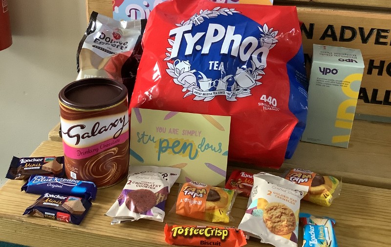 Thank you very much to Mrs Hooper who entered Duloe into a competition run by Twinkl to celebrate schools who went the extra mile during lockdown! The tea, coffee and treats have gone down very well in the staff room!
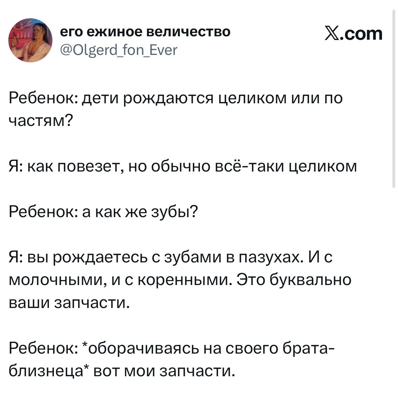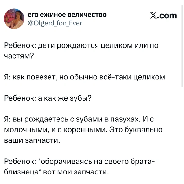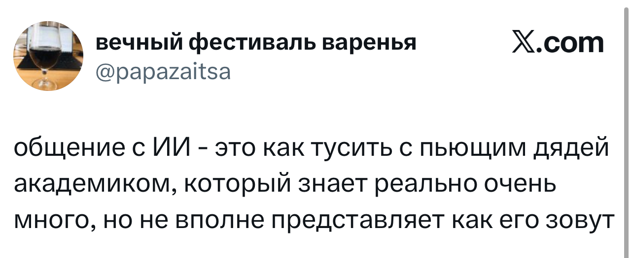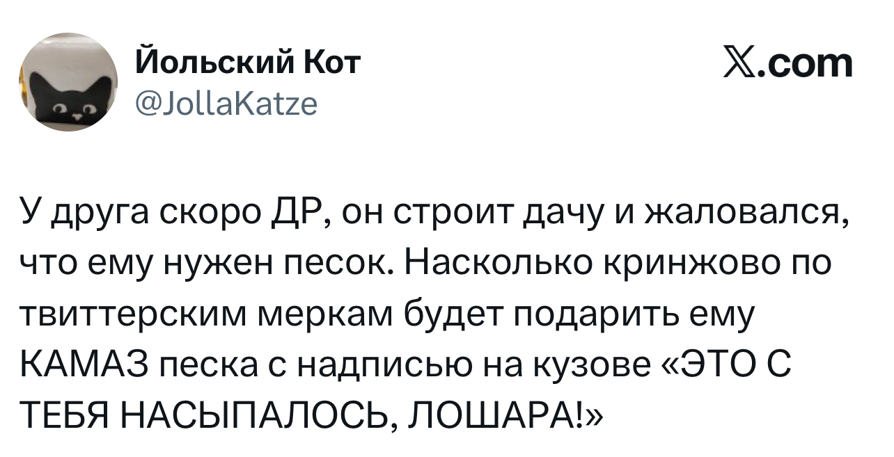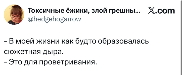Вот уже несколько лет все мы живем в «исторические времена». Единственное, что нас отвлекает, — это юмор, в том числе шутки из «Твиттера» (X). Русскоязычные пользователи каждый день выходят в эту лаконичную соцсеть, преодолевая запреты и блокировки, чтобы потешить самих себя и друг друга. А мы в MAXIM каждый будний день неустанно несем вахту, собирая их лучшие текстово-визуальные юморески.
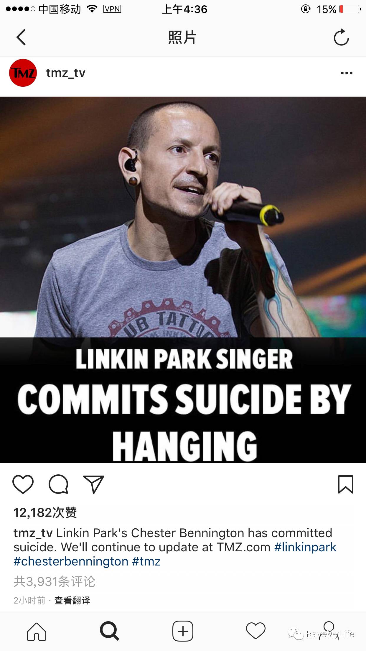 据外媒报道,20日晚上10时许,美国摇滚天团“林肯公园”主唱查斯特·贝宁顿(Chester Bennington)在美国加州洛杉矶的住宅内上吊自尽,他的尸体于当地时间周四上午9点之前在家中被发现,年仅41岁。
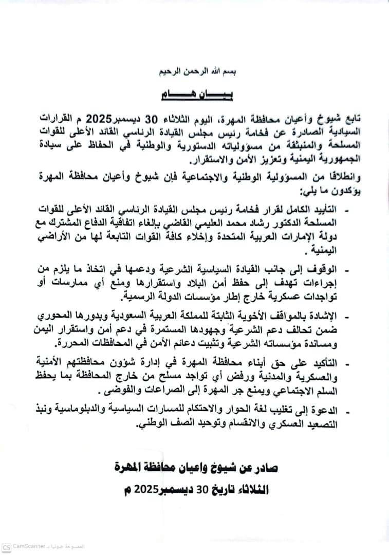 وأكد شيوخ وأعيان المهرة، في بيان صادر عنهم، تأييدهم الكامل لقرارات القيادة الرئاسية، وعلى رأسها قرار الدكتور رشاد محمد العليمي القاضي بإلغاء اتفاقية الدفاع المشترك مع دولة الإمارات العربية المتحدة، وإخلاء كافة القوات التابعة لها من الأراضي اليمنية، بما ينسجم مع مقتضيات السيادة الوطنية والمصلحة العامة.
- - - - - - -
» Problem statement
Pictures are to be omitted; otherwise, every line from the first line of the listing through the line containing "据外媒报道,20日晚上10时" must be reproduced exactly, both ends included.

» Your response
 Thank you very much to Mrs Hooper who entered Duloe into a competition run by Twinkl to celebrate schools who went the extra mile during lockdown! The tea, coffee and treats have gone down very well in the staff room!
Вот уже несколько лет все мы живем в «исторические времена». Единственное, что нас отвлекает, — это юмор, в том числе шутки из «Твиттера» (X). Русскоязычные пользователи каждый день выходят в эту лаконичную соцсеть, преодолевая запреты и блокировки, чтобы потешить самих себя и друг друга. А мы в MAXIM каждый будний день неустанно несем вахту, собирая их лучшие текстово-визуальные юморески.
 据外媒报道,20日晚上10时许,美国摇滚天团“林肯公园”主唱查斯特·贝宁顿(Chester Bennington)在美国加州洛杉矶的住宅内上吊自尽,他的尸体于当地时间周四上午9点之前在家中被发现,年仅41岁。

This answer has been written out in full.